WASHINGTON (Nov. 29)
Israeli Ambassador Simcha Dinitz said here yesterday that he saw nothing new in the statement issued by Arab leaders attending the summit conference that a settlement would depend on Israeli withdrawal from all occupied territories, especially Jerusalem, and the restoration of the rights of the Palestinian people. He told reporters that this declaration, issued yesterday at the end of the summit meeting, was not an impediment to peace talks since the Arabs did not make Israeli withdrawal a condition for negotiations. They had posed such a requirement before the Yom Kippur War erupted, he noted.
Meanwhile, elements of flexibility were seen today by senior United States officials here in the Arab summit conference statement. These officials pointed out nuances that lend encouragement towards maintenance of the momentum for a peace conference between the Arabs and Israelis. It was pointed out, for example, that while the Saudi Arabians had been saying, before the summit conference, that they would not modify their position on the oil embargo, the conference indicated that the embargo would depend on progress toward their goals at the Geneva conference.

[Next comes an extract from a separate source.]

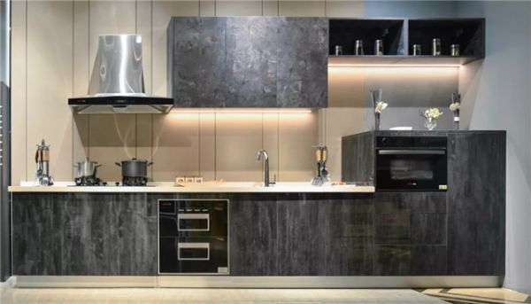 厨房装修不知道要选什么风格?领尚橱柜-拾光知味帮你设计好了!亮面+高级灰的结合,呈现岩板装饰效果,散发着摩登优雅的低奢魅力。合理的空间分割,赋予了厨房惬意的生活节奏。精选优质基材,表面平整、不易变形、色泽鲜艳、耐磨耐腐蚀。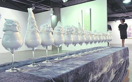 25日下午,記者在水碾河藍(lán)色空間畫(huà)廊內(nèi),在剛剛布展完畢即將在26日下午正式開(kāi)展的“新生———西南地區(qū)美術(shù)院校在校生選拔展中美巡展”中國(guó)站展覽的展廳里,一組15個(gè)遠(yuǎn)遠(yuǎn)看去完全就是冰淇淋一般的雕塑作品立即吸引了記者的注意。這組名為《石膏達(dá)斯》的雕塑,全部是用高腳紅酒杯盛裝的,雪白的“冰淇淋”從杯底一直延伸到杯口,并形成各式各樣的宛如冰淇淋塔尖的形狀,但走近仔細(xì)觀看,卻發(fā)現(xiàn)這些冰淇淋塔尖其實(shí)都是一個(gè)個(gè)物體的變形,有汽車(chē),有肯德基老人,有狗……25日記者通過(guò)電話(huà)聯(lián)系到了身在北京的參展藝術(shù)家、這些“冰淇淋”的作者張華,他表示,這些作品的靈感正是來(lái)自于冰淇淋,當(dāng)時(shí)他覺(jué)得冰淇淋塔尖的形狀變換很有意思,于是想到了把生活中常見(jiàn)的消費(fèi)場(chǎng)所、消費(fèi)標(biāo)志、人物、動(dòng)物融入冰淇淋式的雕塑中,我覺(jué)得“這既是一種好玩的雕塑,又是一種反映消費(fèi)社會(huì)現(xiàn)實(shí)的雕塑”。記者了解到,這些冰淇淋的雕塑售價(jià)令人咋舌:一組15個(gè),售價(jià)5萬(wàn)元,也就是說(shuō)每個(gè)售價(jià)約等于3333元!

In addition, the U.S. sources noted that the Arab summit could have established a Palestinian government in exile but this was not done. Jordan was left with room for maneuver in that the way was left open for King Hussein to participate in the Geneva conference. Hussein’s government was severely criticized at the Arab summit both for the King’s position towards the Yom Kippur War and his attitude towards the Palestinians and the West Bank.